Design tensions begin slack for new systems, but increase as performance improves. Eventually, like stretched rubber bands, the system becomes so "tight" that advancing one requirement can easily pull back another, or more than one. In the version 2 paradox, development effort spent improving a successful product can decrease its performance!

To expand a performance web, one can't just pull one corner, e.g. in 1992, Apple CEO Sculley introduced the hand held Newton, claiming that portable computing was the future. We now know he was right, yet in 1998 Apple dropped the line due to poor sales. The Newton’s small screen made data entry hard, i.e. the portability gain was nullified by a usability loss. Only when Palm’s Graffiti language improved handwriting recognition, did the personal digital assistant market revive. Sculley's innovation was only half the answer - the other half was resolving the usability problems created by increasing flexibility. Innovative design must meet specialist requirements and resolve design tensions.

24.2.10 Project development Constituent Code Requirement Analysis Testing




















Error recovery







Situation (Beta)








Legitimacy (footnote 36)


Table 24.7: Project development specializations by constituent

The days when programmers could list a system's functions then just code them are gone, if they ever existed. Today, design involves not only many specialties but also their interaction. A system development could involve up to eight specialists, with distinct requirements, analysis and testing (Table 7). Smaller systems might have four (actions, interactions, changes and interchanges), two (opportunities and risks) or just one (performance). Design tensions are reduced by agile methods, where specialists talk to each other and stakeholders, but system development also needs innovators, people to cut across specialist boundaries to resolve cross-cutting design tensions.

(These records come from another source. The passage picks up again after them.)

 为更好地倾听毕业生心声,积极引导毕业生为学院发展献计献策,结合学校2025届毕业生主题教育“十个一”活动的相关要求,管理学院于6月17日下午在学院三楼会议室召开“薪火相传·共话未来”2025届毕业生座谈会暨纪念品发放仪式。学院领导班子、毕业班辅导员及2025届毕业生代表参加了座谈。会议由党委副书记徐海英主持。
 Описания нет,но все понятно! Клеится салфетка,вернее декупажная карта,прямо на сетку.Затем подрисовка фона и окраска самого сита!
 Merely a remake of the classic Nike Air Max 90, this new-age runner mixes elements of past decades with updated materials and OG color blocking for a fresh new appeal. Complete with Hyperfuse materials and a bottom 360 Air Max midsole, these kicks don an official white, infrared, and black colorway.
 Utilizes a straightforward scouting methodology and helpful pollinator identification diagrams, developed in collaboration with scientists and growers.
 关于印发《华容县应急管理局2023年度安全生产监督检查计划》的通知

24.2.11 Discussion questions

Research selected questions from the list below. If you are reading this chapter as part of a class - either at university or a commercial course - you can research these questions in pairs and report back to the class, with reasons and examples.

  1. What three widespread computing expectations didn't happen? Why not? What three unexpected computing outcomes did happen? Why?

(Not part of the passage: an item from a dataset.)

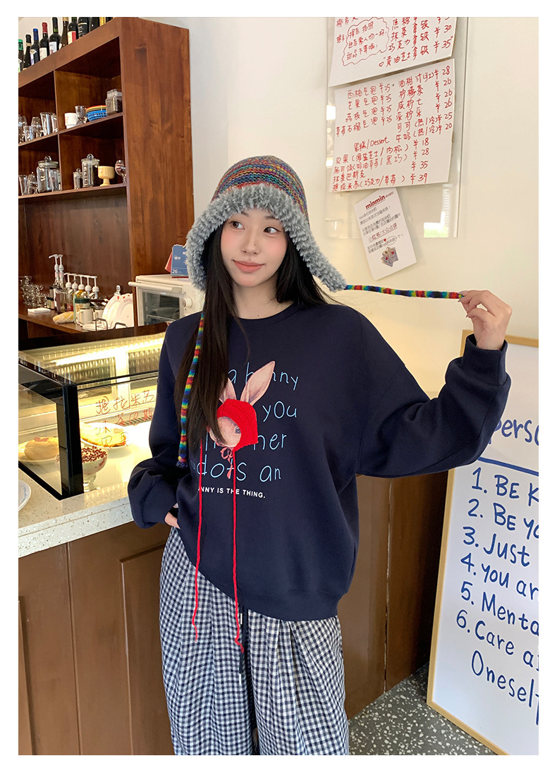 *o-ha-you*【FHZ145WY9011】韓系立體兔頭毛織帽衛衣2024冬季小紅帽寬鬆保暖-3色
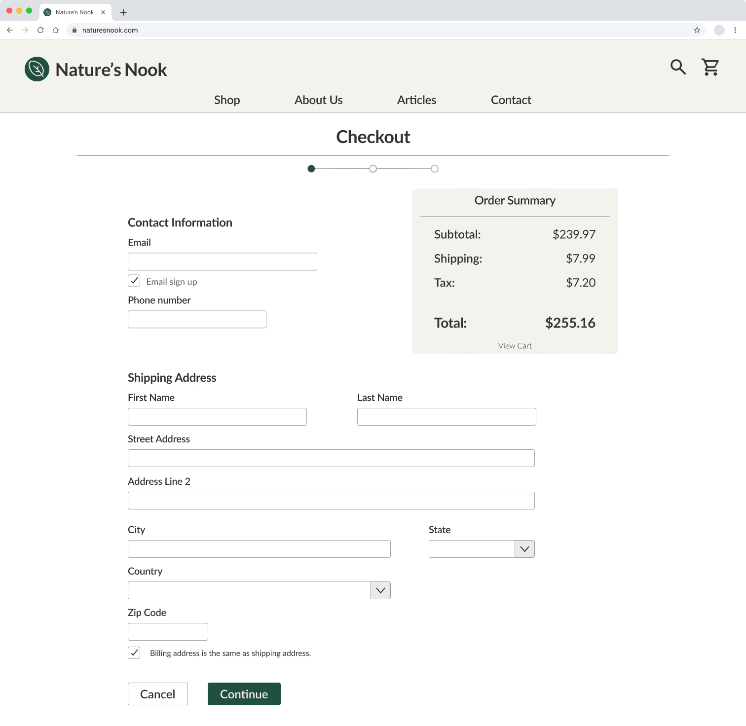After the usability study, I added a subtle progress bar to the checkout process so that the users can tell how long the process is.

  2. What is a system requirement? How does it relate to system design? How do system requirements relate to performance? Or to system evaluation criteria? How can one specify or measure system performance if there are many factors?

  3. What is the basic idea of general systems theory? Why is it useful? Can a cell, your body, and the earth all be considered systems? Describe Lovelock’s Gaia Hypothesis. How does it link to both General Systems Theory and the recent film Avatar? Is every system contained within another system (environment)?

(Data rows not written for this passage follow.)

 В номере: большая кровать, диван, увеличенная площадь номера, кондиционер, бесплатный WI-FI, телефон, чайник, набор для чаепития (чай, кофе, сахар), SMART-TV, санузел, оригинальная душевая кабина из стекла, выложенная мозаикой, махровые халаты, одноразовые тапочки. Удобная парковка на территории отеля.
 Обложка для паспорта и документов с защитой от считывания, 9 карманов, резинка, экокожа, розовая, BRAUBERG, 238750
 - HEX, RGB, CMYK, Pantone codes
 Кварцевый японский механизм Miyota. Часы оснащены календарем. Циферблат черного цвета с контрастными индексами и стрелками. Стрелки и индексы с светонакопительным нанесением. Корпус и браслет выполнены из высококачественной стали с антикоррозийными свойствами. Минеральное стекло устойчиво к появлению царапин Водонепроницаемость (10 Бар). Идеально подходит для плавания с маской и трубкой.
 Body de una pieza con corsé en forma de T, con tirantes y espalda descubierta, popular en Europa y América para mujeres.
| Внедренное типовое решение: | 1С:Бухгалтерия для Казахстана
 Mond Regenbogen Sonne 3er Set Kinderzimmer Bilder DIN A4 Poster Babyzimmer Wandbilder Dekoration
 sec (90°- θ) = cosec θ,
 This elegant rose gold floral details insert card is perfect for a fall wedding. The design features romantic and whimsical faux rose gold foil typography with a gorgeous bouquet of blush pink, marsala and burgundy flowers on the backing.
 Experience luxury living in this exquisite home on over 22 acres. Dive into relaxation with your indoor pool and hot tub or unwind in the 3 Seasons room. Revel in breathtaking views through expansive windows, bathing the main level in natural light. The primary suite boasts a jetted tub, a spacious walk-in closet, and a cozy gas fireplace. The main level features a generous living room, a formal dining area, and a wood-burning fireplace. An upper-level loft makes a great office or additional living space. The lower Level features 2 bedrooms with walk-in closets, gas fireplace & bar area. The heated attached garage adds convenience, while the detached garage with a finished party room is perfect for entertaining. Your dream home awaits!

  4. Does nature have a best species? If nature has no better or worse, how can species evolve to be better? Or if it has a better and worse, why is current life so varied instead of just the “best”? (footnote 37) Does computing have a best system? If it has no better or worse, how can it evolve? If it has a better and worse, why is current computing so varied? Which animal actually is “the best”?

  5. Why did the electronic office increase paper use? Give two good reasons to print an email in an organization. How often do you print an email? When will the use of paper stop increasing?

  6. Why wasn't social gaming predicted? Why are MMORPG human opponents better than computer ones? What condition must an online game satisfy for a community to "mod" it (add scenarios)?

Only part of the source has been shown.